Johnny Knapp is 87, and he feels it. He moves with a walker, his withered legs powered by wiry forearms and large hands that have flown over piano keyboards for 70 years. It’s Tuesday, and his ride is waiting.

Knapp had polio as a boy. He wears orthopedic shoes to compensate for uneven legs. He paces himself, his gait an iambic meter—one-two, left-right—past relics and mementos, past the gorgeous sculptures he rescued from a trash heap decades ago, a decision he is thankful for now because they remind him of the artist, his wife, Dee, who was never very impressed with her own talents and who died in February.

After the funeral, their son, John, asked his old man to move in with him, to Raleigh, North Carolina, but Knapp refused. “My life is here. I’d miss my friends,” he says. “I’d miss the Tuesday lunch.”

He pushes through his music room—one-two—past the grand piano, past the floor-to-ceiling shelves of CDs, vinyl records, folders filled with compositions, playbills from 1950s Broadway, and hundreds of volumes, including nearly everything Upton Sinclair ever wrote and a few remaining yoga books.

Johnny Knapp
Photograph by Audra Melton

“I gave the rest of them to Charlie Parker when he was in the hospital,” says Knapp, recalling the doomed Bird, their jam sessions, the polio-stricken piano player hosting the heroin-addicted saxophonist, the two of them unearthing and clarifying the melodies hidden within bebop’s frenzy. Parker asked him to go on the road, but Knapp couldn’t afford the pay cut and didn’t care for the drugs. “Yoga helped get me out of my leg braces.
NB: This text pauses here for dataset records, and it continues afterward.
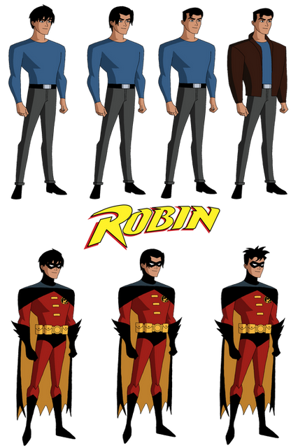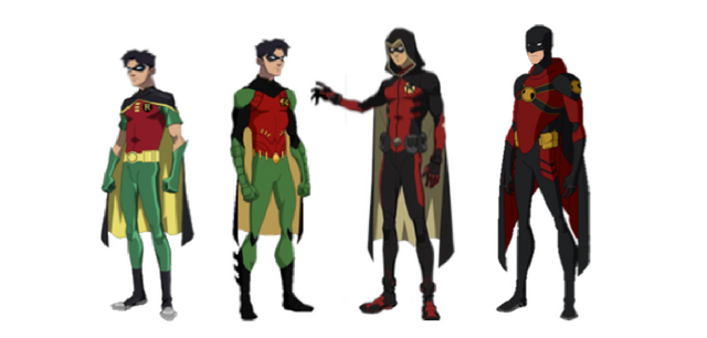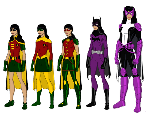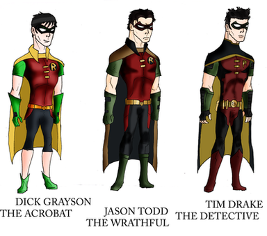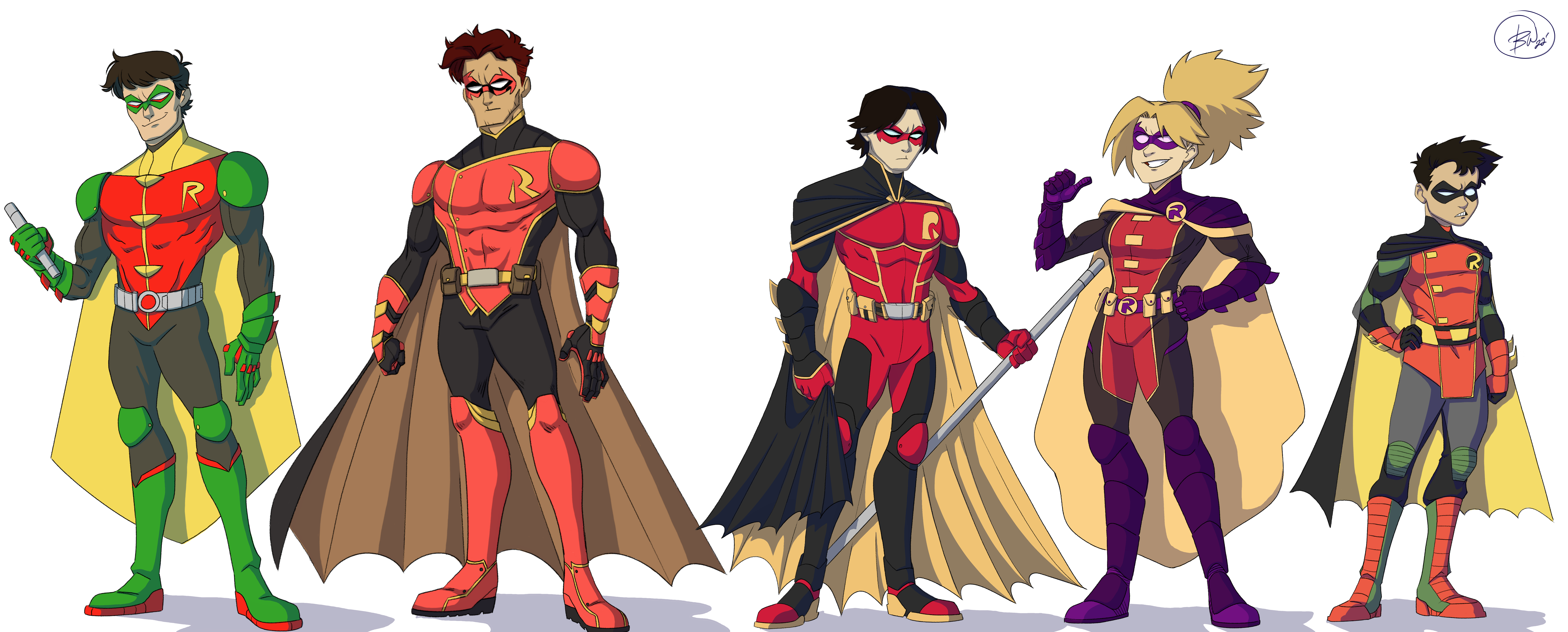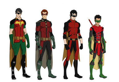 Dick Grayson, Tim Drake(Robin), Tim Drake(Red Robin), ??????(who' the girl?), Damian Wayne.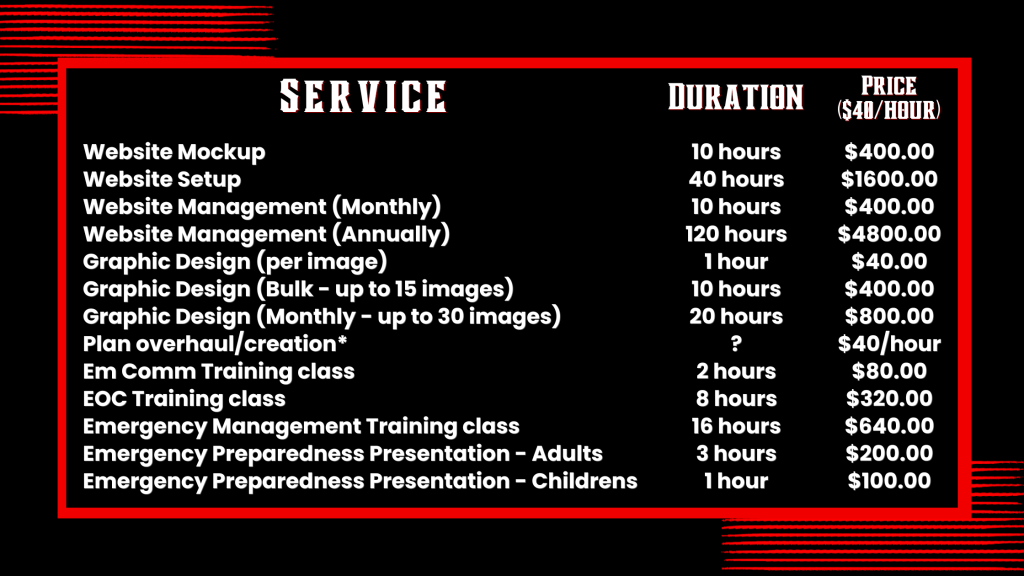 Below you will find some basic pricing for services. Each client will receive a package catered specifically for their needs and will be provided with a detailed quote.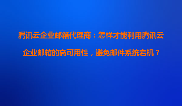 2025-10-25腾讯云企业邮箱代理商:如何利用高可用性避免邮件系统宕机 腾讯云企业邮箱的高可用性架构 腾讯云企业邮箱基于腾讯云全球分布式数据中心构建,采用多机房异地容灾部署,确保服务的高可用性。通过智...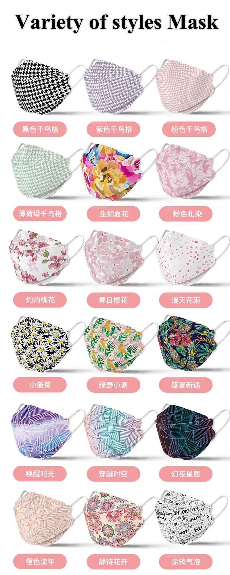 Маска KN95 для взрослых, маска N95mask с цветочным принтом, четырехслойная дышащая маска для лица, индивидуальная упаковка, одноразовые маски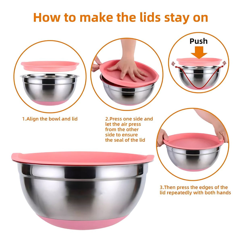 Tazones Multifuncionales De Acero Inoxidable Con Tapa. Color Crema. (Set de 6 piezas) Bowl de cocina.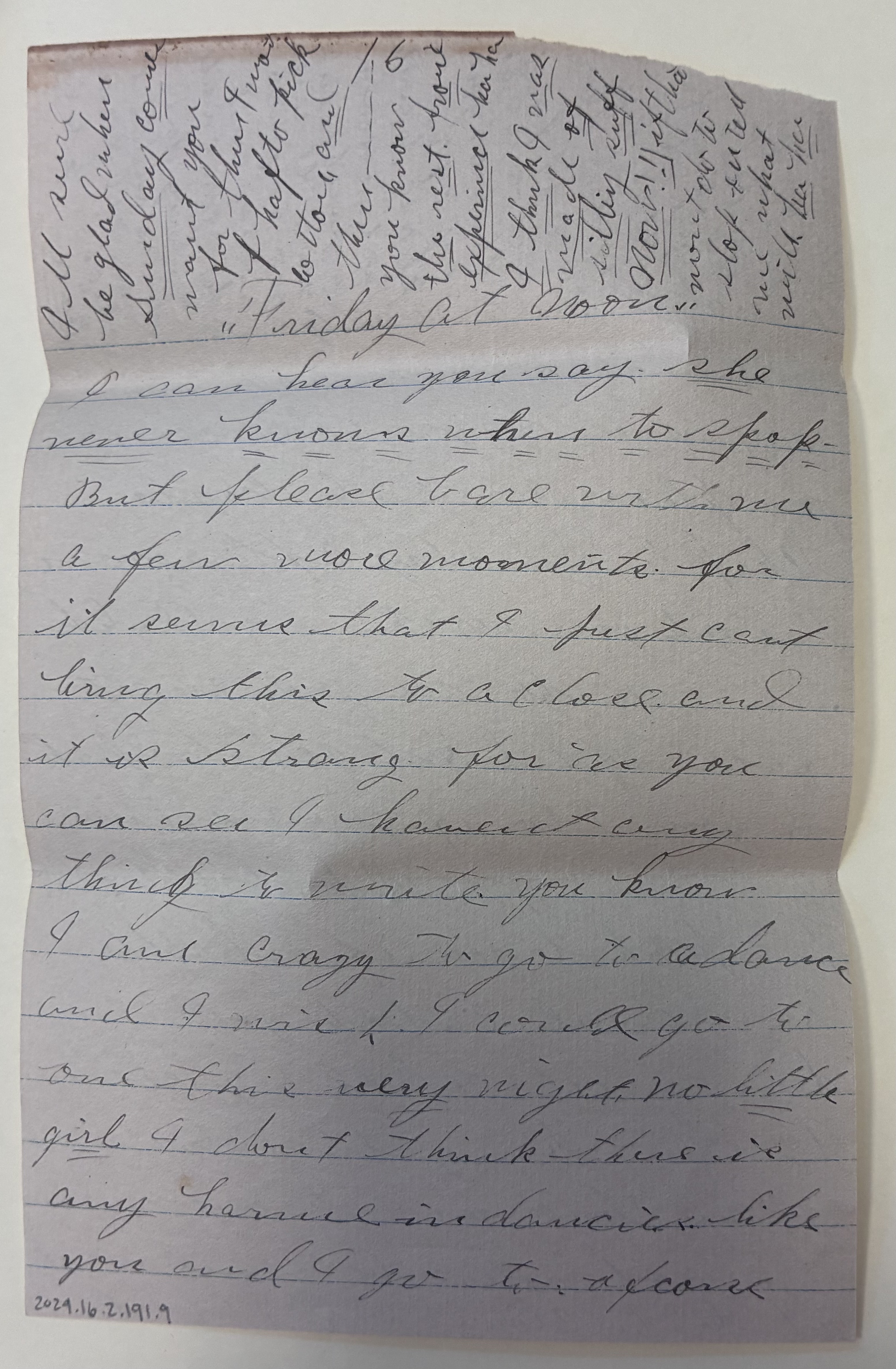 "Friday at noon" I can hear you say she never knows when to spok But please bare with me a few more moments for it seems that I just cant bring this to a close and it is strang for as you can see I haven't any thing to write you know I and I will I could go to one this very night no little girl I dont think there is any harme in dancing like you and I go to a dance

I figured it might help Charlie. It didn’t.”

This was around 1955. Knapp figured his worst years were behind him, like the discarded braces. Then he was rehobbled in a car crash several years ago, a bigger bummer than polio because it ended his driving days, making him feel crippled for the first time in his life, leaving him to depend on the kindness of friends—like Atlanta music icon Col. Bruce Hampton, today’s driver for the short trip to a Lilburn IHOP, where a core group of musicians gathers for the Tuesday lunch.

Johnny Knapp
A recent Tuesday lunch at IHOP included, from left, Col. Bruce Hampton, Knapp, Jez Graham, and Jack North.

Photograph by Audra Melton

Mostly they come for Johnny Knapp, who gigged with Billie Holiday and Sarah Vaughan, who ghostwrote songs with legendary tunesmith and playwright Bob Merrill, who was at the Ambassador Hotel in Los Angeles the day Bobby Kennedy was shot, and who performed in places like the Copacabana, Birdland, Basin Street East, and pretty much all of the great jazz clubs, then moved to Hollywood to play for movie stars and class-A directors.
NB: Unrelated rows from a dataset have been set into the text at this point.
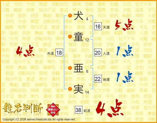 あなたの人生を表す1番重要な運勢です。生涯を通じて影響する総合運となり、主に50歳以降の晩年期に影響を及ぼします。苗字と名前の合計画数。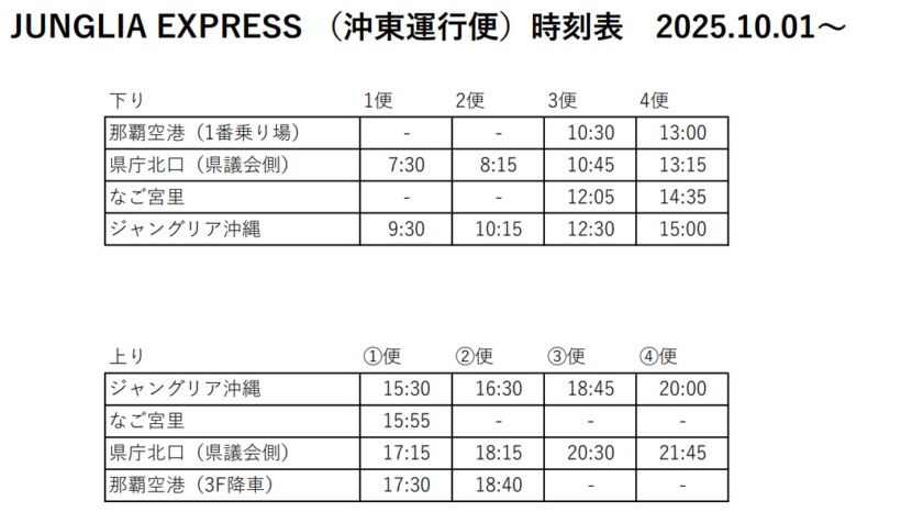 那覇市内⇔JUNGLIA間のJUNGLIA EXPRESS(沖東運行便)に関しましては、以下情報をご確認ください。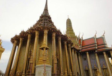 因为肚子饿了,所以就在大皇宫门口买了点东西吃,没有零钱,那卖东西的就叫人换钱,换钱的那人就往我手里塞苞谷让我喂鸽子,我喂了几次,结果最后被敲了一笔。看了无忧度假上面的注意事项我准备的很充足,穿着长裤长袖和拖鞋,一来到这里我就把拖鞋装进塑料袋里面用手提着。一座座贴了金箔的建筑,金光闪闪的感觉很华丽。在里面一边看着长长的壁画,一边听着那些旅行团的导游细细解说上面的故事,那感觉特别的有趣。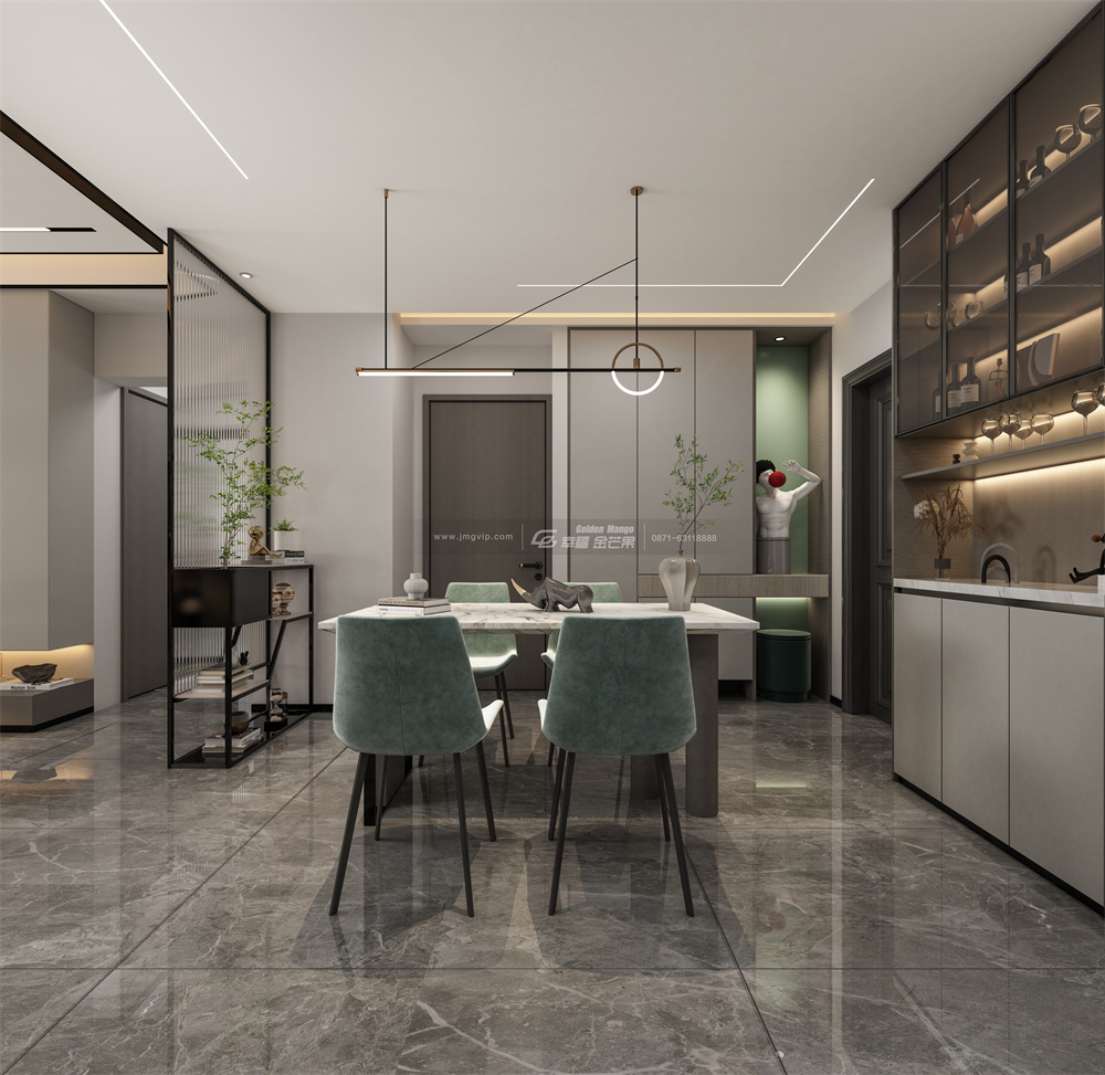 豆綠色椅子和餐廳中的綠植,避免了過于冷淡的與硬朗的視覺呈現(xiàn),賦予空間一些自然和清新。

“He’s the Forrest Gump of music,” Hampton says. “He’s been everywhere and done everything and played with everyone. He’s a beast. There are two great jazz piano players in my mind: Art Tatum and Johnny Knapp.”
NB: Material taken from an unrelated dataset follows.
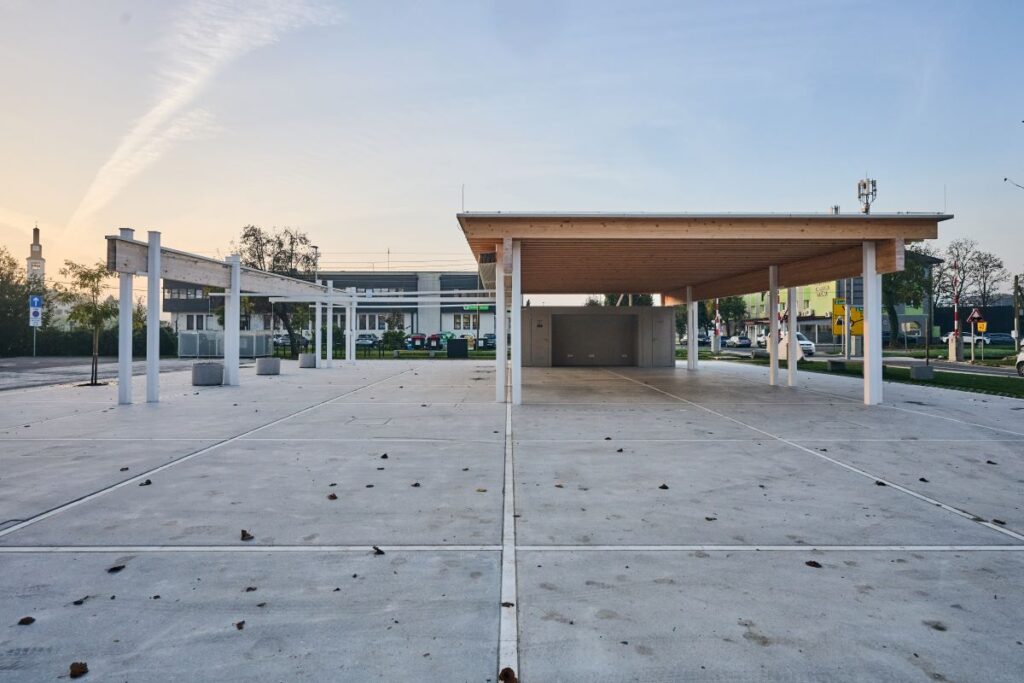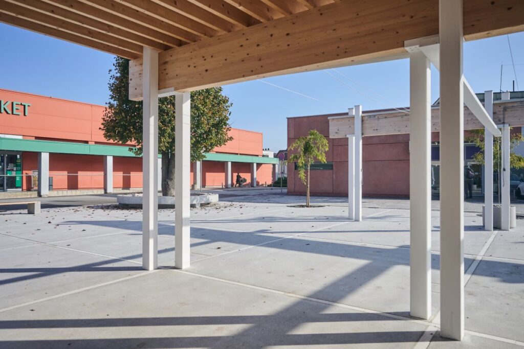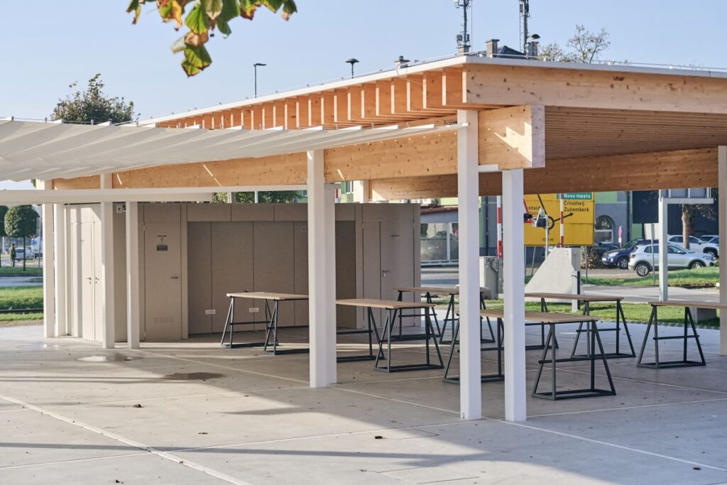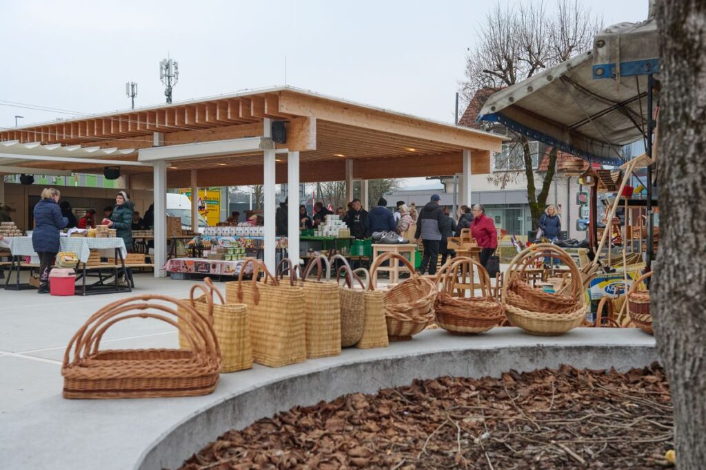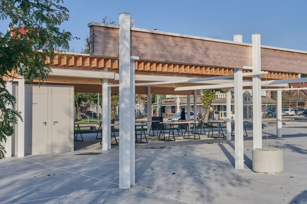 Nova tržnica (oz. trg) je pripeta na glavno krajevno os, ob kateri se zvrstijo trgovine, banka, upravna enota, pošta, občina in na koncu še železniška postaja. Trg zaseda ravno pravokotno zemljišče, pred ureditvijo namenjeno parkirišču. Zasnova ploščadi je preprosta in domišljena. Na ortogonalno mrežo tlaka so postavljeni trije redi lepo detajliranih parov kovinskih belih stebrov, ki tvorijo dve tržni območji. Del s fiksno streho in del s pomično streho iz platna. Vse ’stojnice’ so odstranljive – pospravijo jih v pokriti skladiščni kubus ob robu. V njem so tudi avtomati, hladilniki in sanitarije. Prodajne mize so zasnovane tako, da nudijo mizno površino na dveh višinah. Kovinska ogrodja stojnic so več funkcionalna – lahko so v rabi tudi kot ’praktikabli’ za oder ali kot podkonstrukcija tribun ob kulturnih in drugih krajevnih prireditvah.

Hampton has been known to exaggerate. Knapp hasn’t done everything. But he did have his own parking space at the Apollo Theater in Harlem, thanks to a pass that mobsters helped him acquire.

“I made a handshake agreement with a guy called John the Knife to play in his nephew’s band,” Knapp says. “When I told Dee, she couldn’t believe it. She said, ‘You’ve got to get out of that deal. That handshake is for life.’ So I called the guy and tried to be funny. I told him, ‘Mr. The Knife, I’ve reconsidered.’” The mobster sent a couple of associates to see Knapp. Not to renegotiate.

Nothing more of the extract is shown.